Exercise brief — Find the line that contains "Arm and Hammer"; please output it and each line after it, exactly as shown, up to the end of the entries below, skipping pictures.

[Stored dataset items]
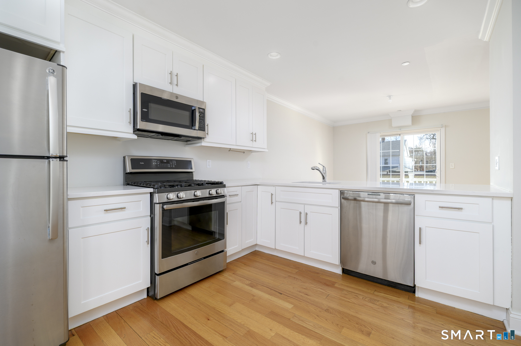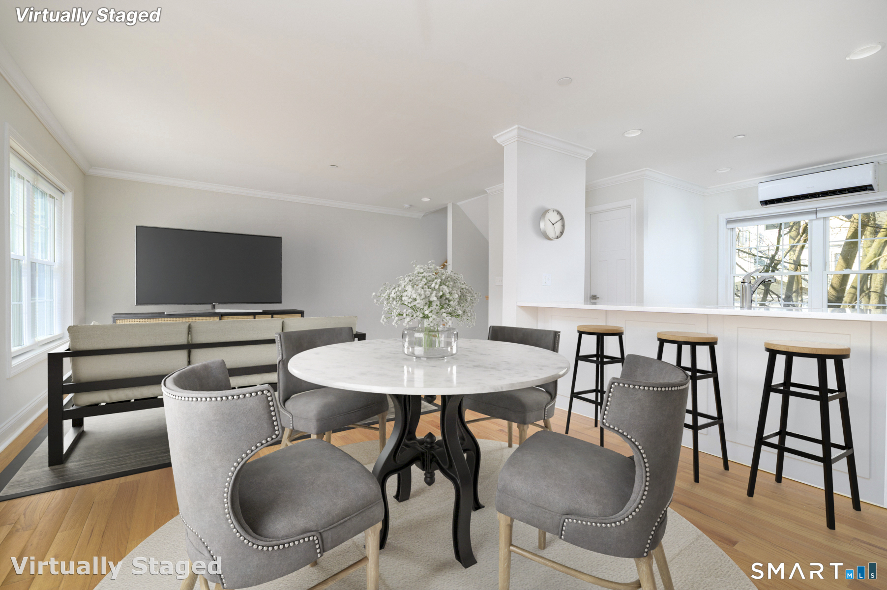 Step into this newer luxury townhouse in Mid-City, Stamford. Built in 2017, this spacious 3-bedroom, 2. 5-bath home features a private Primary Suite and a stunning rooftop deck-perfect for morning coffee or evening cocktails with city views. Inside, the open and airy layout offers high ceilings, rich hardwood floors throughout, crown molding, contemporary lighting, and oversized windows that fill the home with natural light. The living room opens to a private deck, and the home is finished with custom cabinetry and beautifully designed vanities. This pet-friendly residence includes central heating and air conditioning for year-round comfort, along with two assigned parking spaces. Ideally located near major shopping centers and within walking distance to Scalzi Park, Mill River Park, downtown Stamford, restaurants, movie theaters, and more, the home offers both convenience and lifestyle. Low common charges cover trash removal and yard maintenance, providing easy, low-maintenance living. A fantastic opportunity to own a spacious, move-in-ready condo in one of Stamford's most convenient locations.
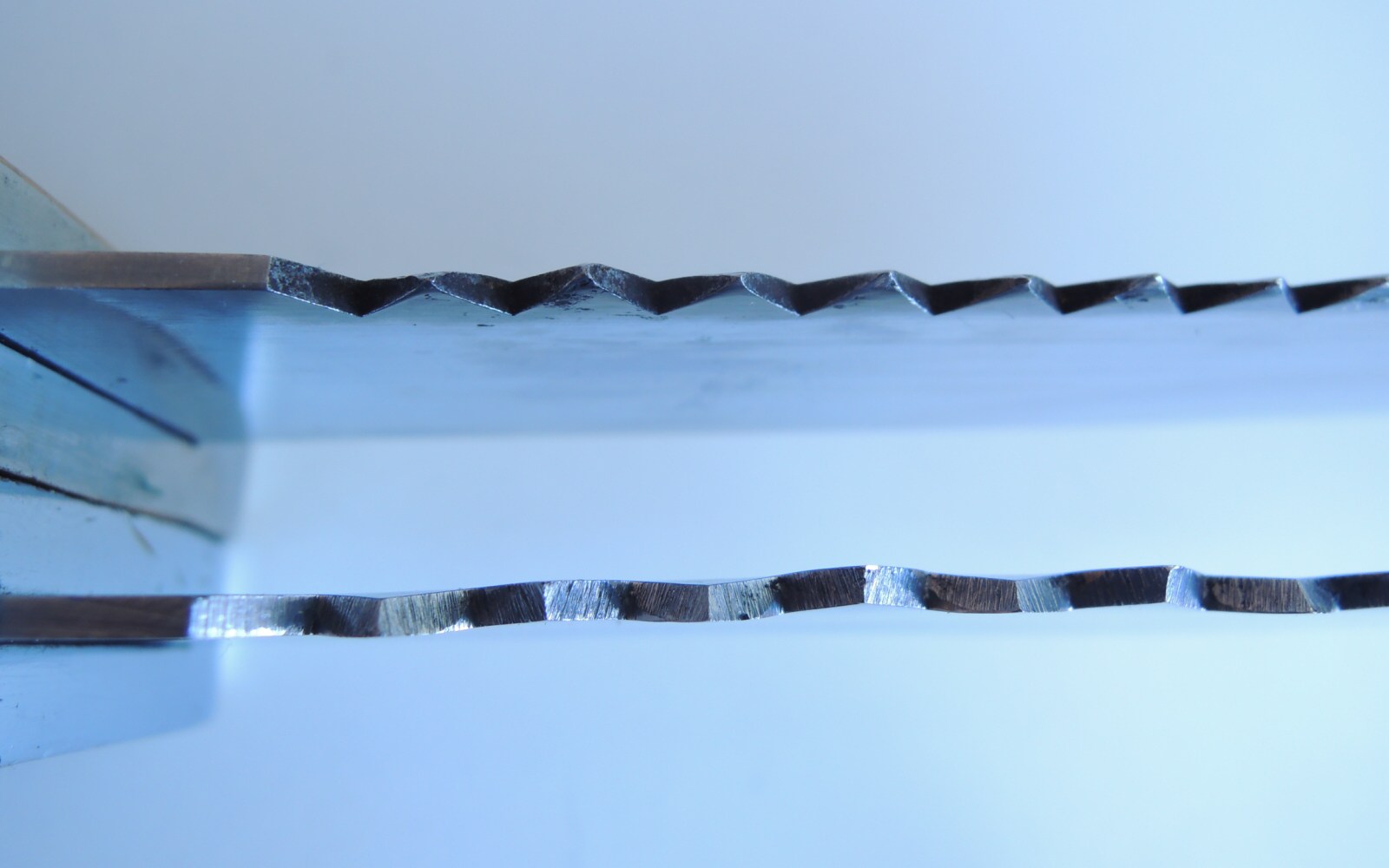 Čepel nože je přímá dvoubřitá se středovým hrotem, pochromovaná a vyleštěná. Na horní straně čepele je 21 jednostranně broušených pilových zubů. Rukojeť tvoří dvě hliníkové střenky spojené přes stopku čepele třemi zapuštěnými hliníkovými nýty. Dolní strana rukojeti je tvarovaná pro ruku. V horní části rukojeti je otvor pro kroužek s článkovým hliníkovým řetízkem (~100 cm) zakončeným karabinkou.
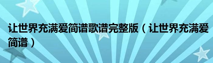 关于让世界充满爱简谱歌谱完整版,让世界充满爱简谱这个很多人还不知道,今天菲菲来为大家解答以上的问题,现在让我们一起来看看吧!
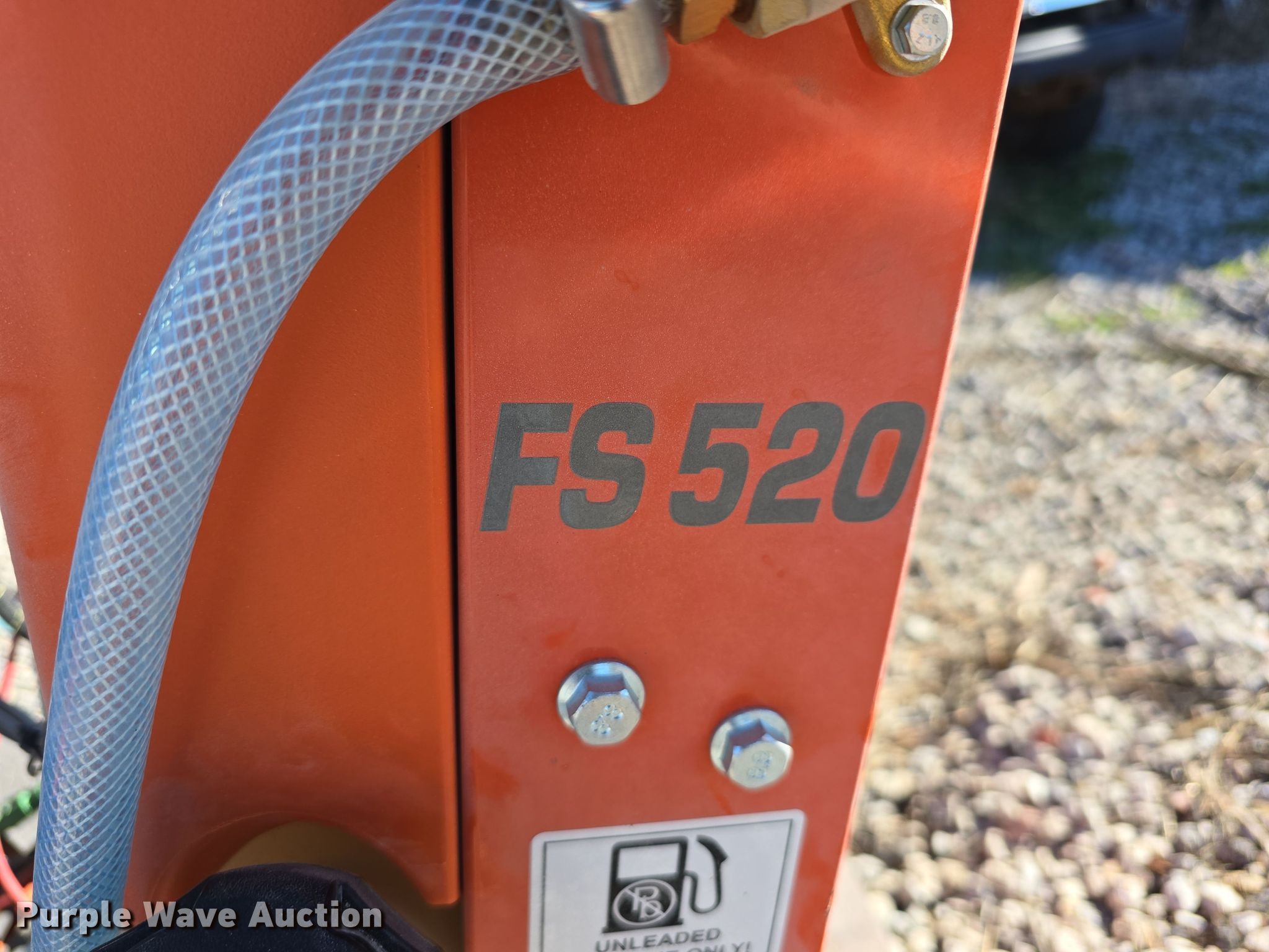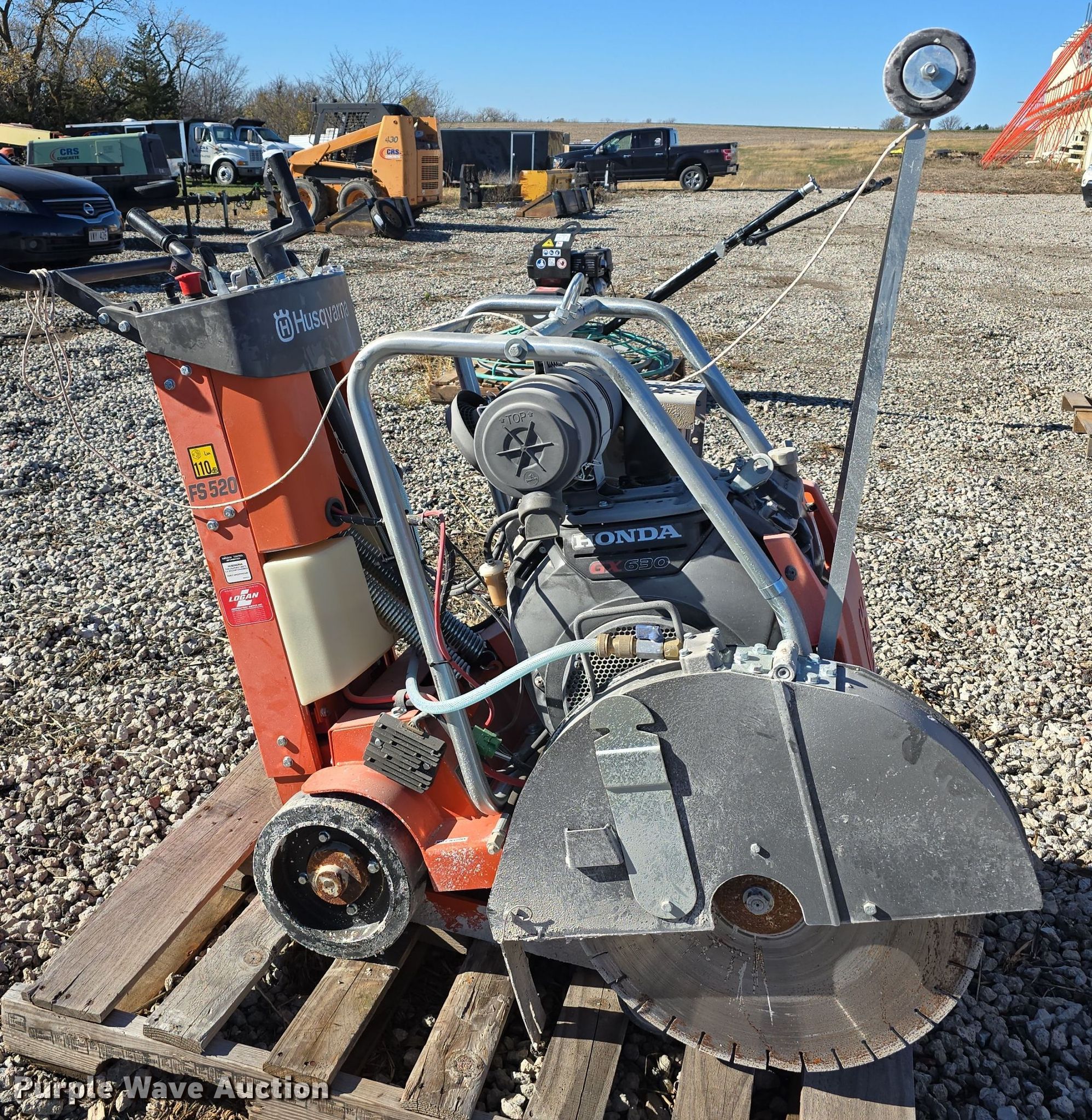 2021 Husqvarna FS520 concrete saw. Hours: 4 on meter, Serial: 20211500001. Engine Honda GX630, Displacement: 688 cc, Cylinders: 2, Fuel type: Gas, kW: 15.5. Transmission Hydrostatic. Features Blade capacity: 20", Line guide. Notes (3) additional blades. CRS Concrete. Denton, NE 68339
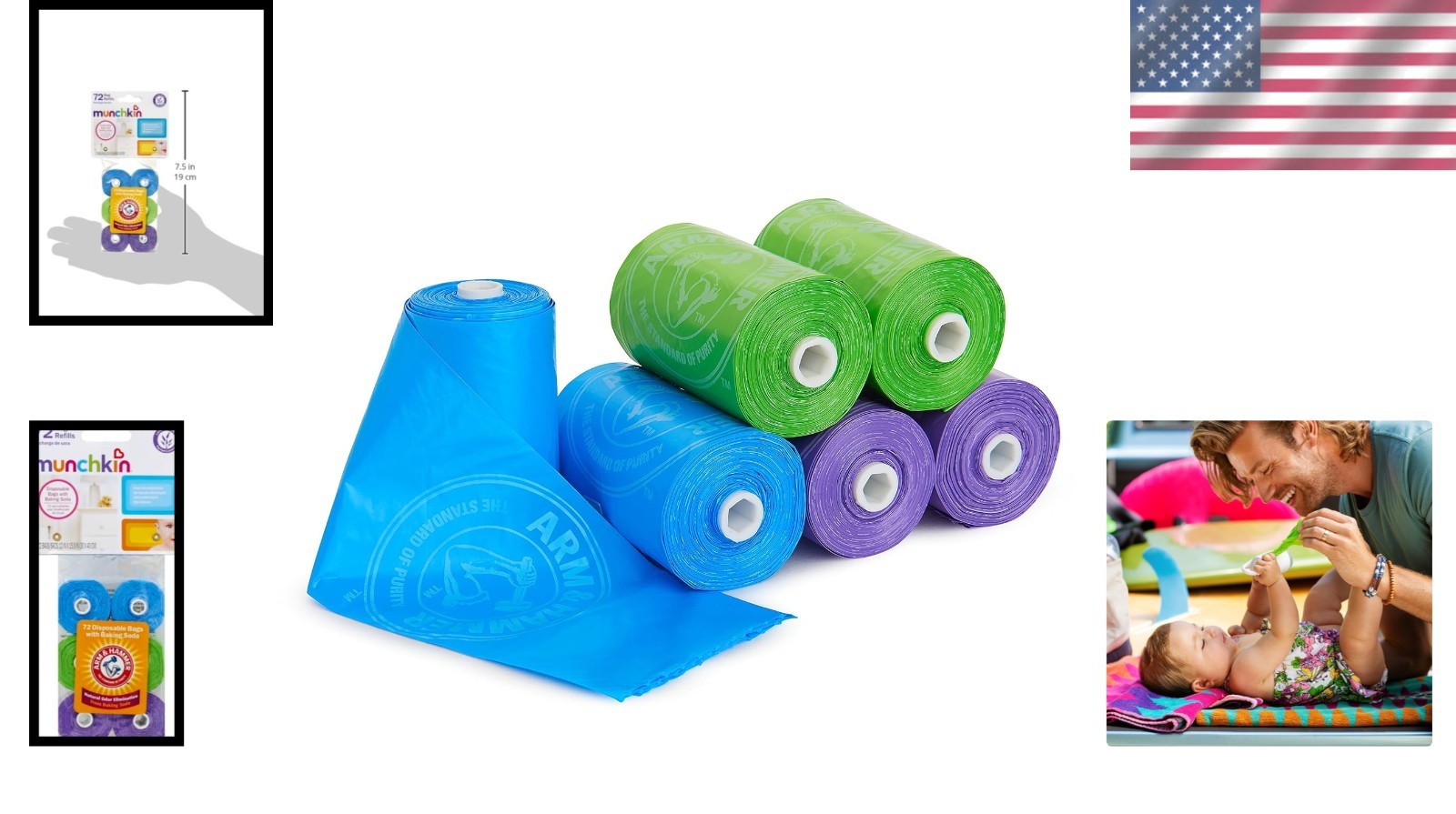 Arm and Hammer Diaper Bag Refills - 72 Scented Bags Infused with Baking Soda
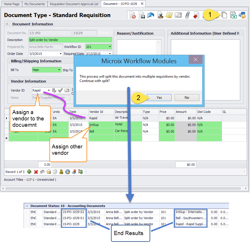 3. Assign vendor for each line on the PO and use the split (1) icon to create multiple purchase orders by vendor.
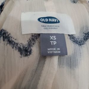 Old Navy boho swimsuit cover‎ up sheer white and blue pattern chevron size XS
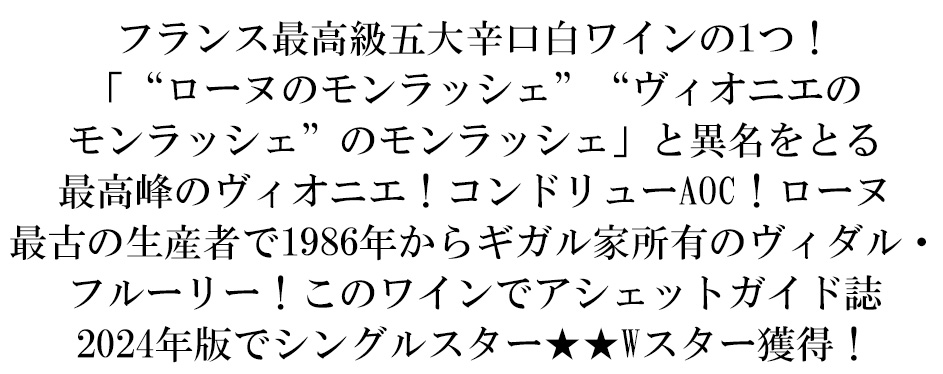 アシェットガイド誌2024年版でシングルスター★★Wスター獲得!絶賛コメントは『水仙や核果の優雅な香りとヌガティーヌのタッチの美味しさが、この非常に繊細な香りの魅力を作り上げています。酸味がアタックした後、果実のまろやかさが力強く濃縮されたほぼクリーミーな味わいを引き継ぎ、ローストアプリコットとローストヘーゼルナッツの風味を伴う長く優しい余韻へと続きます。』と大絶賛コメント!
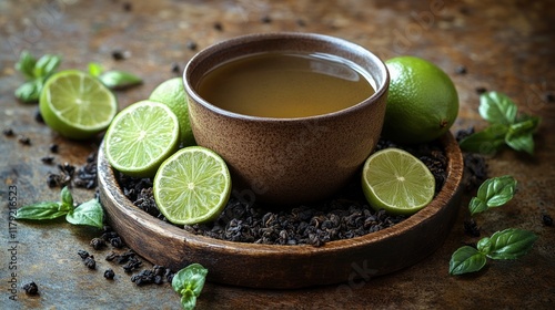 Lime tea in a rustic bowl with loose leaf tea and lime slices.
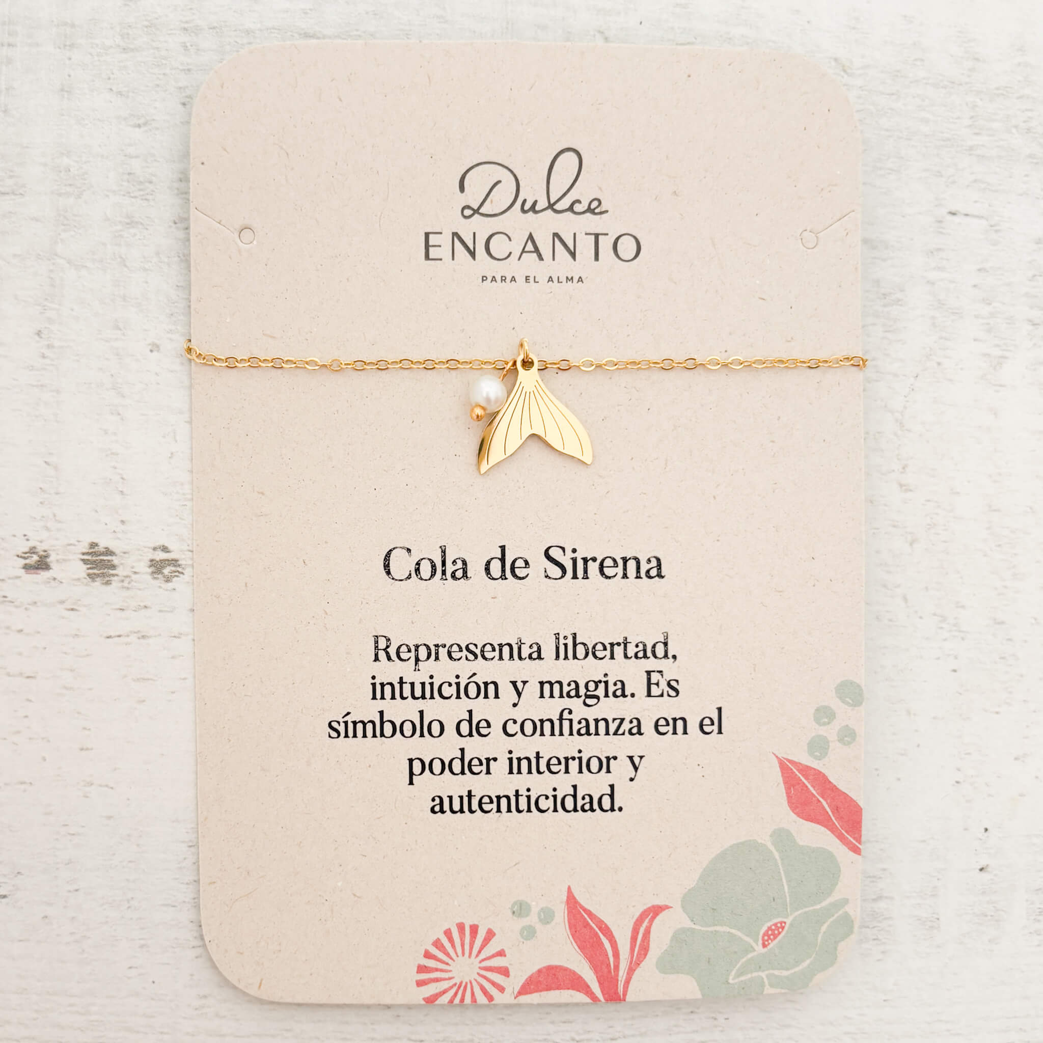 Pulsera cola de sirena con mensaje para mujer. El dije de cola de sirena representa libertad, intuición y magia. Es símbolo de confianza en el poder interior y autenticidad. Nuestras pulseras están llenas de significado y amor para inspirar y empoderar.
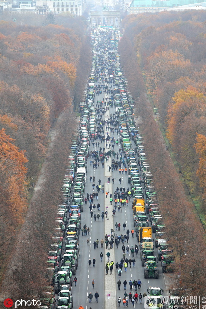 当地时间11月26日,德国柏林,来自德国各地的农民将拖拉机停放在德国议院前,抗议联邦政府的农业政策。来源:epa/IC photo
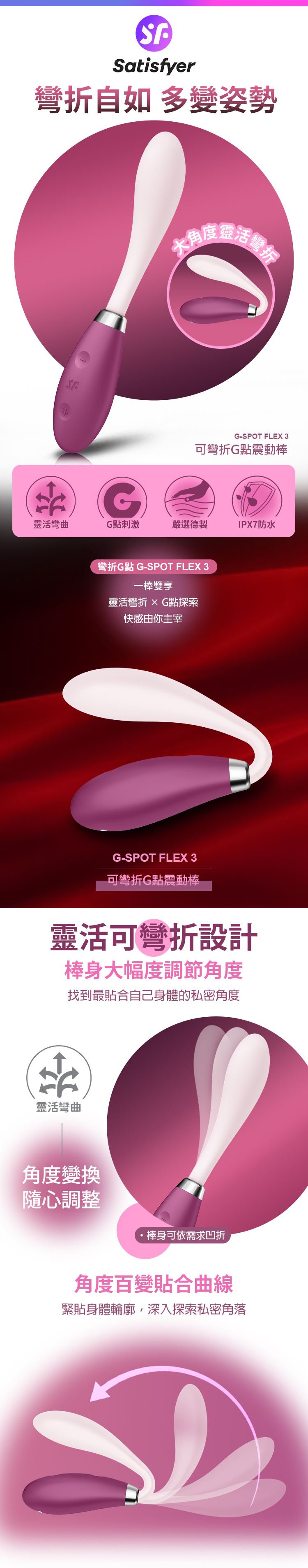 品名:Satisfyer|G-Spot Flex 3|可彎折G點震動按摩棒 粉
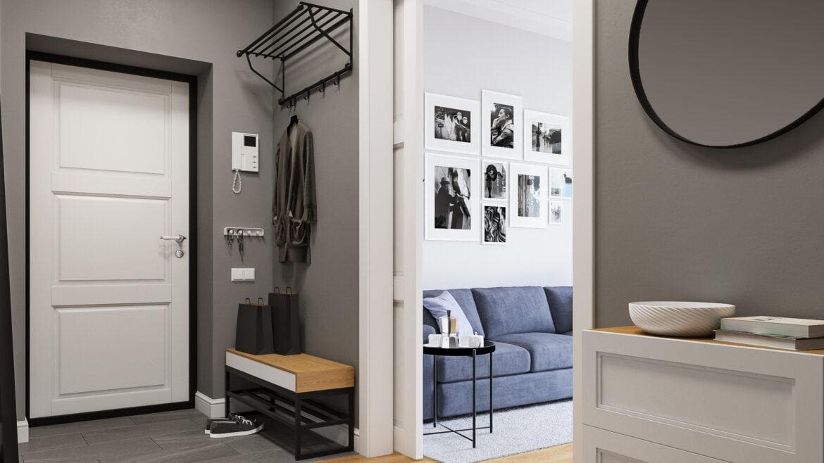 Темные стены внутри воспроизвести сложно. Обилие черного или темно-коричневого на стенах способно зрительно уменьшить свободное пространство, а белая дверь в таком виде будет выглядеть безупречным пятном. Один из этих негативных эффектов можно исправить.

Result for this exercise —
 Arm and Hammer Diaper Bag Refills - 72 Scented Bags Infused with Baking Soda
 3. Assign vendor for each line on the PO and use the split (1) icon to create multiple purchase orders by vendor.
 Old Navy boho swimsuit cover‎ up sheer white and blue pattern chevron size XS
 アシェットガイド誌2024年版でシングルスター★★Wスター獲得!絶賛コメントは『水仙や核果の優雅な香りとヌガティーヌのタッチの美味しさが、この非常に繊細な香りの魅力を作り上げています。酸味がアタックした後、果実のまろやかさが力強く濃縮されたほぼクリーミーな味わいを引き継ぎ、ローストアプリコットとローストヘーゼルナッツの風味を伴う長く優しい余韻へと続きます。』と大絶賛コメント!
 Lime tea in a rustic bowl with loose leaf tea and lime slices.
 Pulsera cola de sirena con mensaje para mujer. El dije de cola de sirena representa libertad, intuición y magia. Es símbolo de confianza en el poder interior y autenticidad. Nuestras pulseras están llenas de significado y amor para inspirar y empoderar.
 当地时间11月26日,德国柏林,来自德国各地的农民将拖拉机停放在德国议院前,抗议联邦政府的农业政策。来源:epa/IC photo
 品名:Satisfyer|G-Spot Flex 3|可彎折G點震動按摩棒 粉
 Темные стены внутри воспроизвести сложно. Обилие черного или темно-коричневого на стенах способно зрительно уменьшить свободное пространство, а белая дверь в таком виде будет выглядеть безупречным пятном. Один из этих негативных эффектов можно исправить.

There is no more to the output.